[Data records]

◆ ◆ ◆ ◆

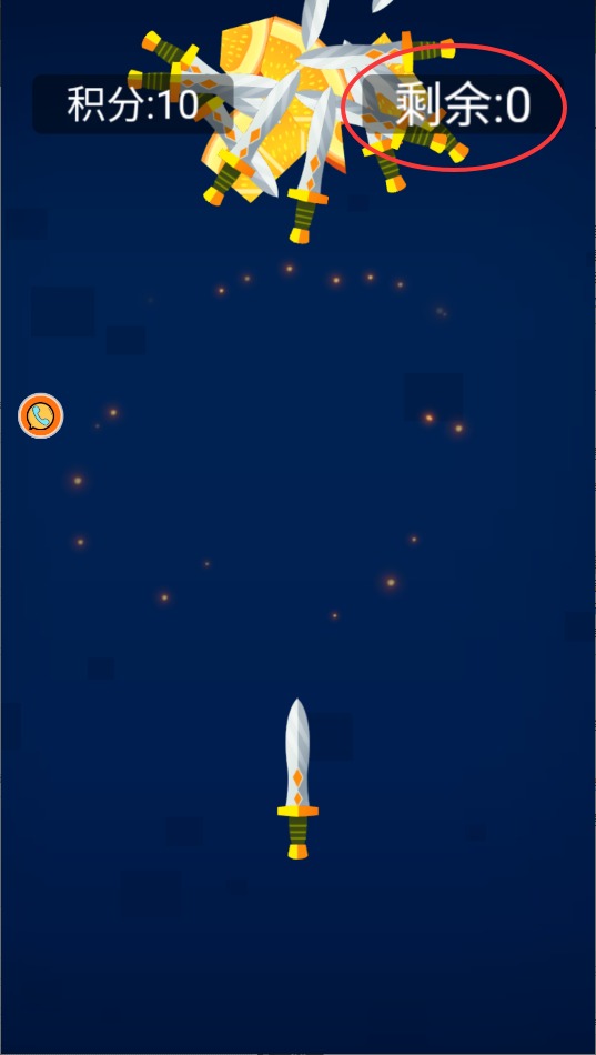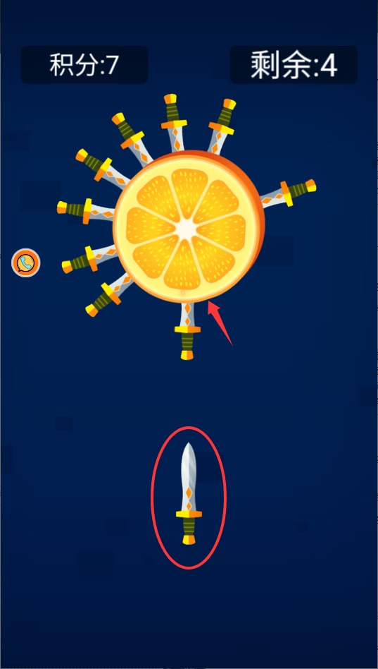 2、快速点击屏幕发射飞刀,注意控制发射节奏和角度,避免碰到已经插在靶子上的刀具导致游戏失败。
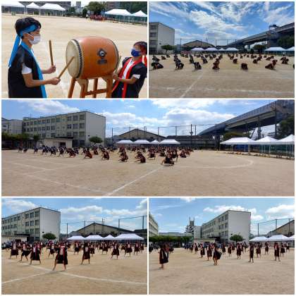 自分で選んだ一文字を背中に、力強く演技する5年生。
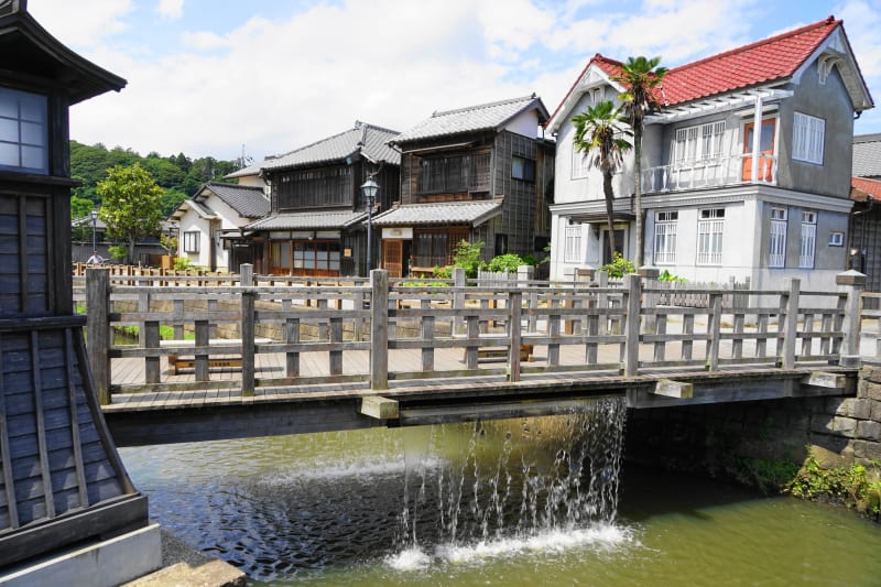 舟めぐりが行われる川にかかる橋も、絶好のフォトウェディングスポット。特に、佐原にゆかりのある伊能忠敬旧宅前にある「樋橋」が有名です。橋から川に向かって定期的に水が流れ落ちるため、ジャージャー橋と呼ばれています。歴史を感じる橋の上で、清らかな白無垢をまとって、お嫁入りさながらの写真を残してみては?
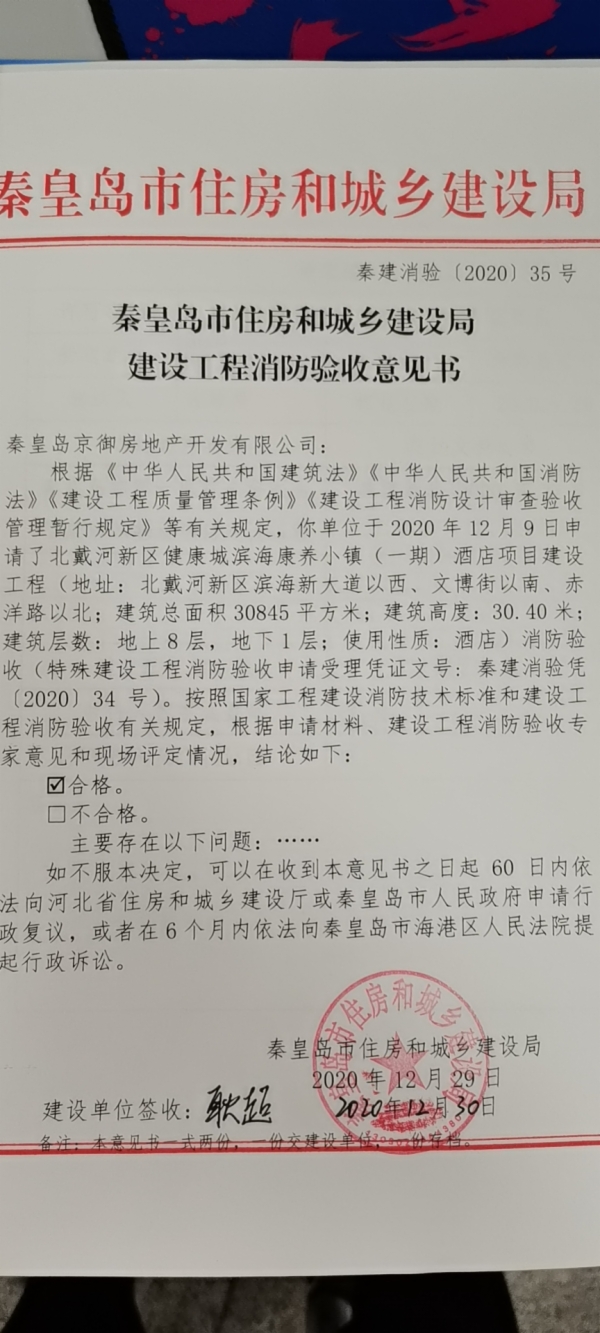 秦建消验〔2020〕35号建设工程消防验收意见书(北戴河新区健康城滨海康养小镇(一期)酒店项目)
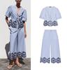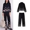 Spring New Design Sense Retro Short V-neck Embroidered Vest High Waist Wide Leg Casual Embroidered Trousers
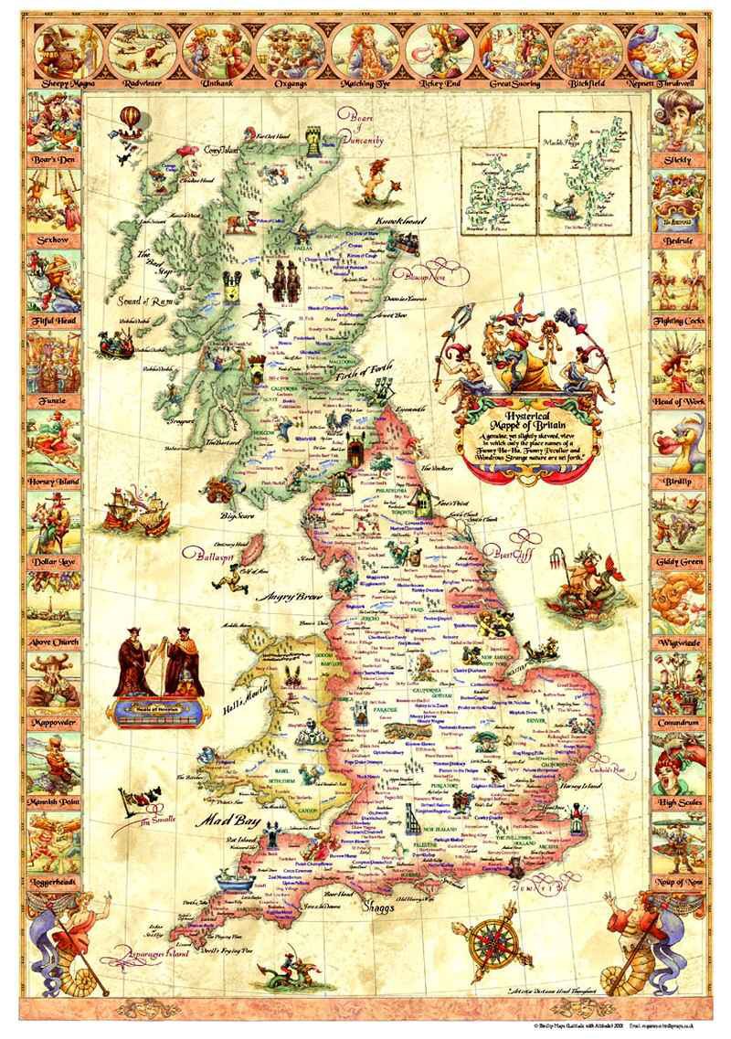 A slightly skewed view of Britain, from Birdlip Maps, in which only the place names of a Funny Ha-Ha, Funny Peculiar and Wondrous Strange nature are shown. Over 500 genuine and current place names. Beautifully illustrated in the style of an antique map with a humourous slant. Suitable for framing - fits standard 50 x 70cm size. - Beautifully Drawn
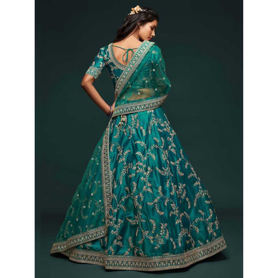 Lehenga choli ศิลปะการปักด้ายสีเขียวที่ยิ่งใหญ่ที่สุด
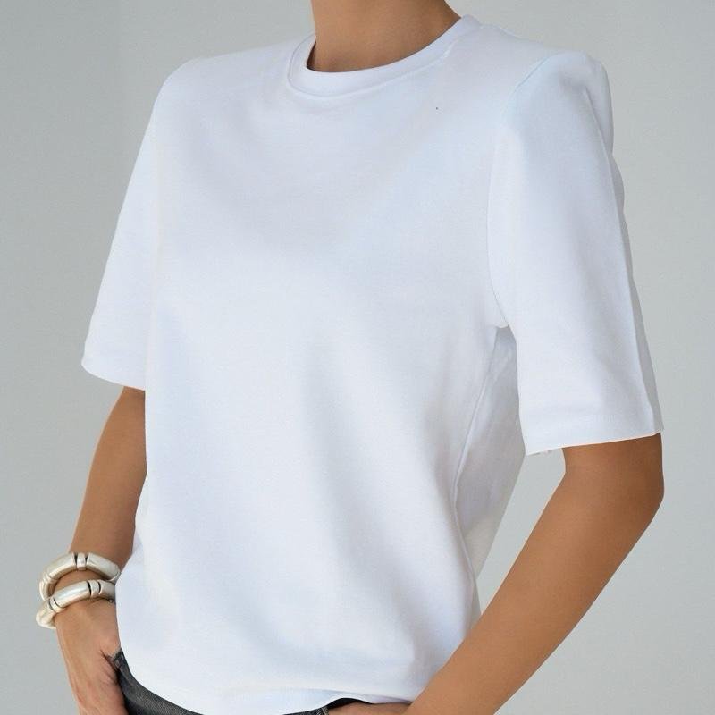Ses épaules structurées apportent du caractère à votre silhouette et créent un effet élégant instantané, tout en conservant le confort d’un t-shirt classique.
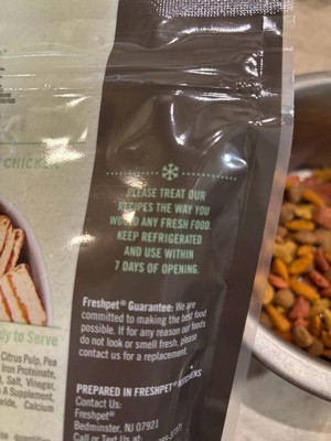 [This review was collected as part of a promotion.] My dog LOVED these chicken bites. He is very picky with food and he ate them without hesitation. They come in a ziplock style bag making it easy to open and close. They stay refrigerated. You get a decent amount of food in the bag, depending on the size of your dog and how much they eat, for my dog it was a great amount. We like freshpet and have tried a lot of their food, looks like we will add this to the rotation!
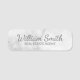This name tag features name in grey script font style and title in grey sans serif font style on white marble background.

◆ ◆ ◆ ◆

Work to be completed: Produce the lines from the first line of the entries through the line that contains "Spring New Design", exactly, leaving the pictures behind.

Task output:
 2、快速点击屏幕发射飞刀,注意控制发射节奏和角度,避免碰到已经插在靶子上的刀具导致游戏失败。
 自分で選んだ一文字を背中に、力強く演技する5年生。
 舟めぐりが行われる川にかかる橋も、絶好のフォトウェディングスポット。特に、佐原にゆかりのある伊能忠敬旧宅前にある「樋橋」が有名です。橋から川に向かって定期的に水が流れ落ちるため、ジャージャー橋と呼ばれています。歴史を感じる橋の上で、清らかな白無垢をまとって、お嫁入りさながらの写真を残してみては?
 秦建消验〔2020〕35号建设工程消防验收意见书(北戴河新区健康城滨海康养小镇(一期)酒店项目)
 Spring New Design Sense Retro Short V-neck Embroidered Vest High Waist Wide Leg Casual Embroidered Trousers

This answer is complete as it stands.